There was plenty of razzle dazzle at the fourth edition of Dubai Design Week (13-17 November)—it had all the major design brands, gasp-inducing installations, and cutting-edge technology creating pieces of mesmerizing beauty. Now, I am an unabashed fan of all this, but what this fair did was allow me to see beyond and recognize design’s potential to solve real-life problems. This ability to bring you face-to-face with example after example of design in this potent problem-solving mode is the unique contribution of the fair. Equally, I found the opportunity to chat with so many recent graduate designers from all over the world—untainted by the world of commerce, the stars still intact in their eyes—both inspiring and deeply moving.

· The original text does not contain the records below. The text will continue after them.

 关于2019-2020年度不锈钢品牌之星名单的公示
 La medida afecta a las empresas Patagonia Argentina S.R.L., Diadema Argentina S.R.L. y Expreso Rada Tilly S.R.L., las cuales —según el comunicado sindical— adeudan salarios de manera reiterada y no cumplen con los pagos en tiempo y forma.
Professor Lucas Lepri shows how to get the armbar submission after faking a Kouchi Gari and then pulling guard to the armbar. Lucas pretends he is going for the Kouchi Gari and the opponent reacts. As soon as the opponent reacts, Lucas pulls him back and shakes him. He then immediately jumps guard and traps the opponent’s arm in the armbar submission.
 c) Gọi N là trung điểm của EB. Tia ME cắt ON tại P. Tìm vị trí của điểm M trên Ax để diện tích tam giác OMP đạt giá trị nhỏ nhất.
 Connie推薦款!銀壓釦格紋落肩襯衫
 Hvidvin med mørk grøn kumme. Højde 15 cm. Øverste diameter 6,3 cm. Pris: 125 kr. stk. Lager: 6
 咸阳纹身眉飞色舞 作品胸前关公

Inspiring too was the robust representation of young Indians at the Global Grad Show, and their mind-boggling variety of creations. There was “Sahayak" (designed by Rishabh Singh from IIT, Mumbai), a backpack-like device to help porters redistribute and reduce the load on their heads by as much as 75%. Or “Tipo" (designed by Ayushman Talwar of Eindhoven University, Netherlands), a tiny Braille keyboard that attaches to the back of a smartphone, and allows the visually impaired to text with ease. “Universal Socket Prosthetic" (designed by Akhilesh Mishra and his team at the University of California Berkeley), a prosthetic arm with a hexagonal socket, into which you can lock a variety of attachments—a cup, a painter’s palette, even a violin bow. It is an open-source project, which means others can design whatever attachments they need, and 3D-print it for less than a dollar.

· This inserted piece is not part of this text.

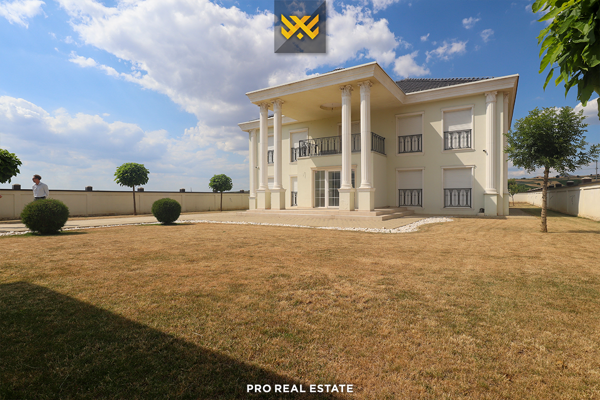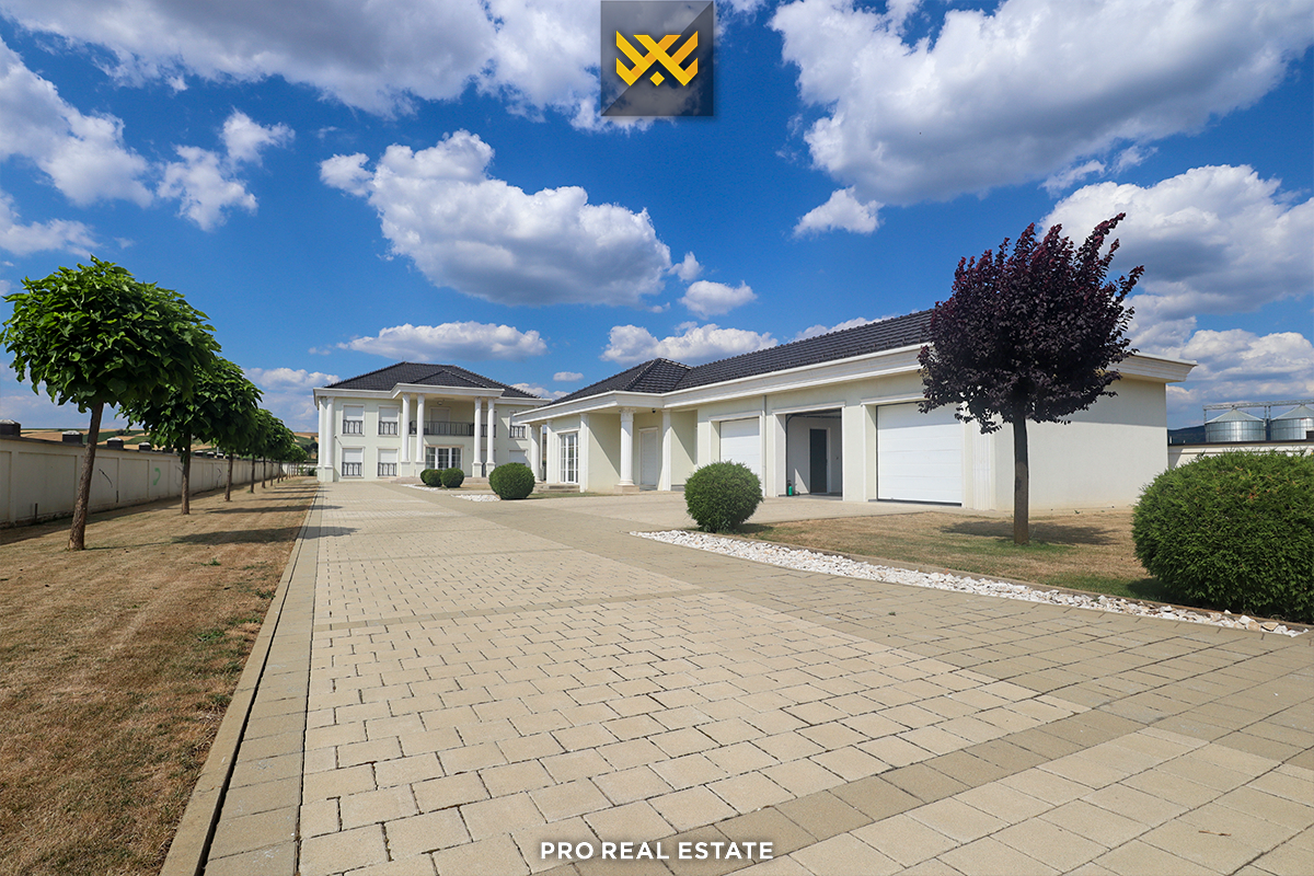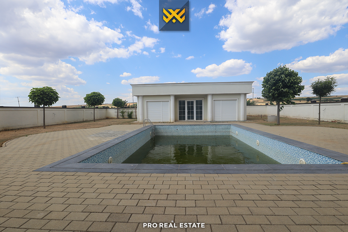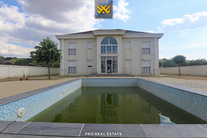 Das Haus hat ein Grundstück mit einer Fläche von 1,28 Ha, einen ausreichend großen und gepflegten Hof, Grünflächen sowie einen Pool und bietet auch ausreichend Platz für Parkmöglichkeiten sowie zwei Garagen.

Downtown Design is the trade show segment of the fair, where all the design brands—175 international and 60 regional—were housed, including famous ones like Artemide and Herman Miller, and also lesser-known ones like the Indian lighting brand, Klove Studio, which I found simply stunning. I spoke with Rue Kothari, the fair director of Downtown Design—if you are wondering, yes, she is of Indian origin, but British. She is a super-charged advocate of growing local design talent, Emirati, yes, but any nationality really, as long as they are based in the UAE. She gave examples of young designers like Sergio Mendes (from Portugal) and Sophia Chraïbi Giorgi (from Morocco)—both of whom exhibited at the fair—who have recently moved to Dubai and set up their studios there. “The ability to realize your ambitions here is limitless," Kothari says. “If you have time, if you have energy, if you have some direction, then you can achieve much more here than in an established design market."

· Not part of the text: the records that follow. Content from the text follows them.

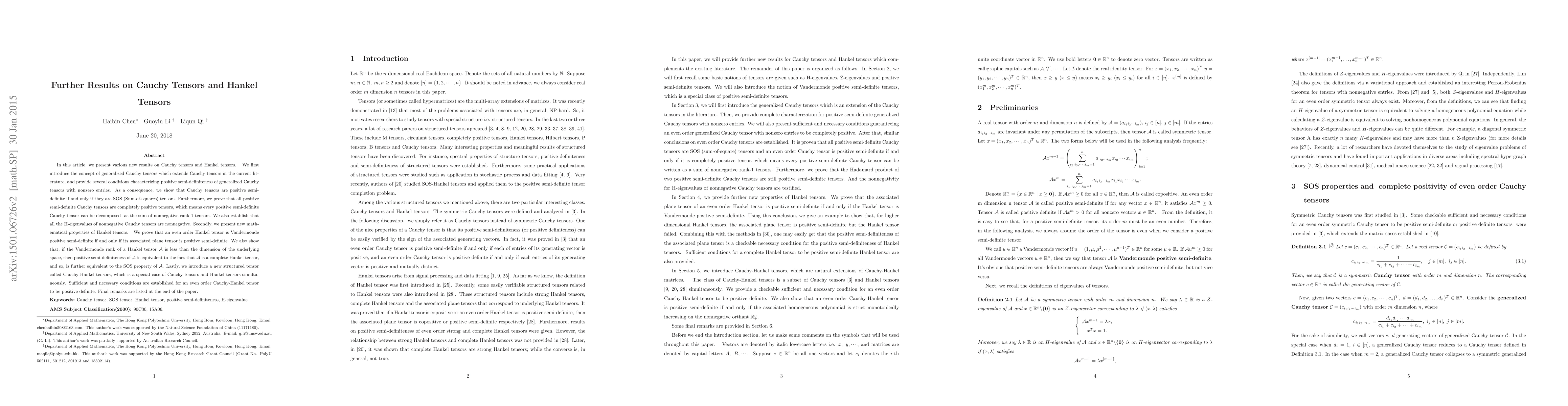This paper extends the study of Cauchy and Hankel tensors, introducing generalized Cauchy tensors and proving conditions for their positive semi-definiteness. It establishes that Cauchy tensors are positive semi-definite if and only if they are sum-of-squares tensors and that all positive semi-definite Cauchy tensors are completely positive. It also explores properties of Hankel tensors, including the equivalence of positive semi-definiteness for even order Hankel tensors and their associated plane tensors.
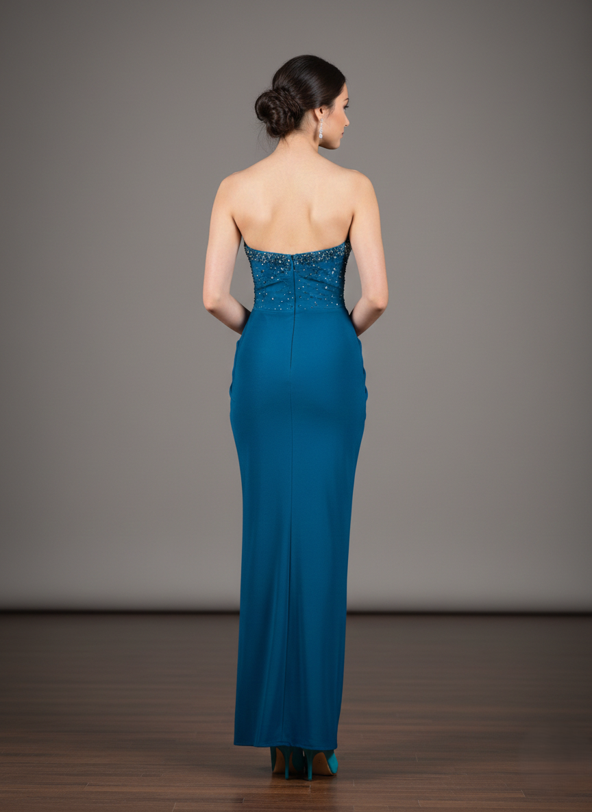 This long evening dress features a strapless neckline and elegant embellishment details on the bodice, creating a refined and feminine silhouette. The draped waist accentuates the figure, while the slit adds a modern and striking touch. A perfect choice for formal occasions and special events.
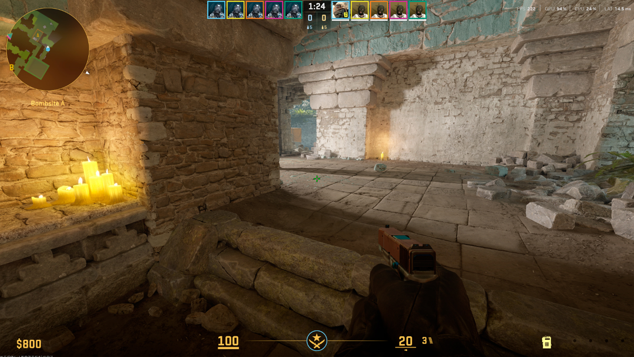 But what does any of this have to do with reflections? Well, let’s take one more detour before we get there. At its core I think one of the most important pillars of Counter-Strike is information. The most easily understood kind is visual information, as in, can you see someone? But I would argue we have a sub-category of information already that I think we could call information-leaking. The most obvious case of this is the shadow advantage you might have in certain positions, perhaps most noticeable on ancient with the flood lights:
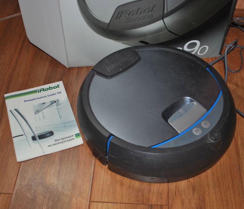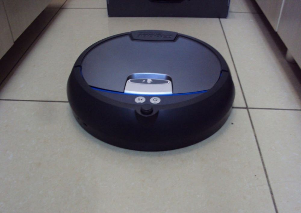 Le robot peut essuyer le sol. Pour ce faire, une palette est posée sur son abdomen, une serviette en papier y est fixée avec du velcro. Il doit être mouillé avant de démarrer le robot. Ainsi, il essuie le sol dans une pièce.Avant de courir dans une autre pièce, la serviette doit être humidifiée, elle sèche.
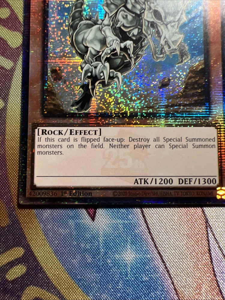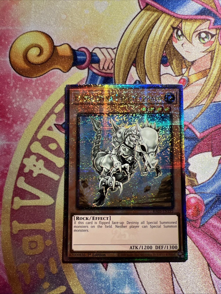 This rare and highly sought-after Fossil Dyna Pachycephalo card is a must-have for any serious Yu-Gi-Oh! TCG collector. With its Earth attribute and Rock creature/monster type, this card is sure to add some powerful punch to your deck. This 1st edition card from the Fossil set is a Secret Rare with the card number RA03-EN195. It is manufactured by Konami and features an effect type card. Don't miss your chance to add this amazing card to your collection!

Two contrary themes—“future-looking technology" and “preserving past heritage"—seemed to flow through much of the exhibition, speaking of the unique crossroads that we find ourselves at, both in terms of design and as the human race. So there were rippled marble tables and vases by Layth Mahdi, a US-based architect who has programmed robots to chisel marble, like many hi-tech Michelangelos. At the other end, there were exhibits like The Original Comes From Vitra, which showcased classics like the chairs from Eames and Panton, which hold their magic today as they did in the 1950s and 1960s when they were first created.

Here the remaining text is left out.